The ALBATROSS partners of the University of Liege (Belgium) have developed two different simulation models to simulate and anticipate both demographic and urbanisation trends for the coming decades and their interplay with climate change.

Sub-Saharan Africa faces major urbanisation challenges as a result of the fast urban growth it is experiencing, the fastest in the world nowadays. This urbanisation, often spontaneous and informal, places considerable pressure on infrastructure and limits the capacity of public actors to anticipate future challenges, which renders African cities particularly vulnerable to floods, droughts, and other climate-related hazards.

With the aim of serving as a tool to shape policy recommendations tailored to local, national, and regional governance structures, the ALBATROSS team has developed two models, which are complementary to each other, to ensure demographic trends and urbanisation dynamics are effectively integrated into climate adaptation strategies at both local and national levels.

The urbanisation model (cellular automata-based simulation) was developed for two ALBATROSS urban hubs: Kumasi (Ghana) and Dar es Salaam (Tanzania). This modelling approach facilitates an understanding of spatial dynamics and helps anticipate future challenges by identifying high-risk areas for urban development. Authorities can then implement proactive measures, including sustainable solutions such as nature-based solutions.

The model’s findings indicate that, despite the persistence of observed urban trajectories (Figure 1), greenbelts provide a practical and scalable tool for mitigating uncontrolled peripheral expansion and preserving strategically designated spaces. They enable the modulation of future urbanisation patterns at the regional scale, particularly in contexts where demographic transition coincides with weak or underdeveloped planning frameworks.

Figure 1: Land use evolution in Kumasi (Ghana) in 2030, 2040, 2050 (BAU scenario) – Anasua Chakraborty, Nicolas Greiner (2026). University of Liège.

The effectiveness of greenbelts remains conditional and warrants further research. For instance, a deeper understanding of the drivers of urban sprawl, particularly in light of the emergence of a motorised middle class commuting to central areas for work, might demonstrate that urban sprawl in sub-Saharan Africa is not solely a poverty-driven process (Andreasen et al., 2017). Another factor that warrants further analysis is the challenge of institutional fragmentation, which is exacerbated by the polycentricity of major African cities (Ankrah et al., 2026; Kanai & Schindler, 2019). This fragmentation could constitute a significant barrier to the implementation of nature-based solutions in African metropolitan areas, which, despite their great diversity, are characterised by a complex interweaving of numerous actors (Schlimmer, 2022).

This urban modelling was complemented by the other model, which offers demographic projections at the district level for all five countries involved in the project. These projections are generated under three UN fertility scenarios (low, middle, and high) and are presented at the national scale (Figure 2). This model allows for a reassessment of urban evolution in each hub through the lens of demographic and socio-economic dynamics operating at broader scales. As a projection model, it helps anticipate macro-trends and predict medium-term demographic growth.
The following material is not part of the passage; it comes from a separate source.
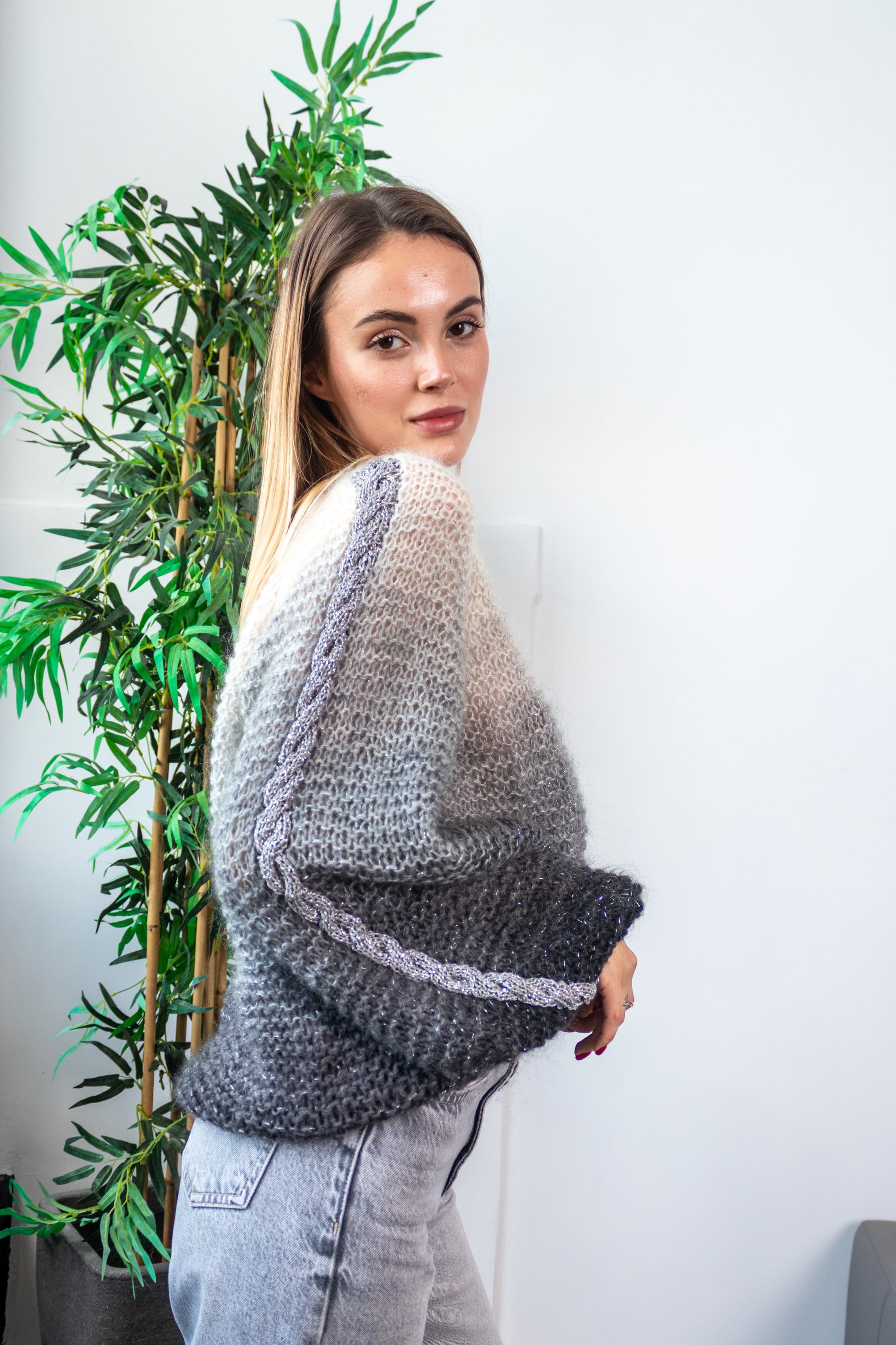 This handmade oversized mohair sweater in a black & white gradient is the perfect blend of comfort, warmth, and modern style. Carefully hand-knitted, it features a fluffy texture, relaxed silhouette, and elegant crew neckline.

It has thus made it possible to identify an urban pattern characterised by relative demographic decline in the central districts of metropolitan areas, coupled with sustained growth in peripheral districts, sometimes located far from the core.

Figure 2: Projected average annual growth rate by district (2020-2050). Medium fertility scenario (Ghana) – Nicolas Greiner (2026). University of Liège.

The models developed are the result of ten months of research and are now capable of projecting urbanisation and demographic growth up to the year 2050. Their development required extensive data collection, including satellite and demographic data, as well as the creation of specific protocols in a context marked by a scarcity of public data. The authors acknowledge that limited data availability introduced certain limitations. The researchers, however, stated that these models have valuable potential, particularly forestimating population and urbanisation at fine scales in contexts of high demographic growth. This makes them applicable to public policy decision-making, especially in cases ofinadequate urban planning framework

Finally, these findings enable us to reassess climate-related migration in the light of the structural trends of demographic and urban transition. Urban growth is largely driven by current but powerful demographic dynamics. Climate change, therefore, appears to be an additional factor that is likely to reshape, intensify and complicate these ongoing growth dynamics.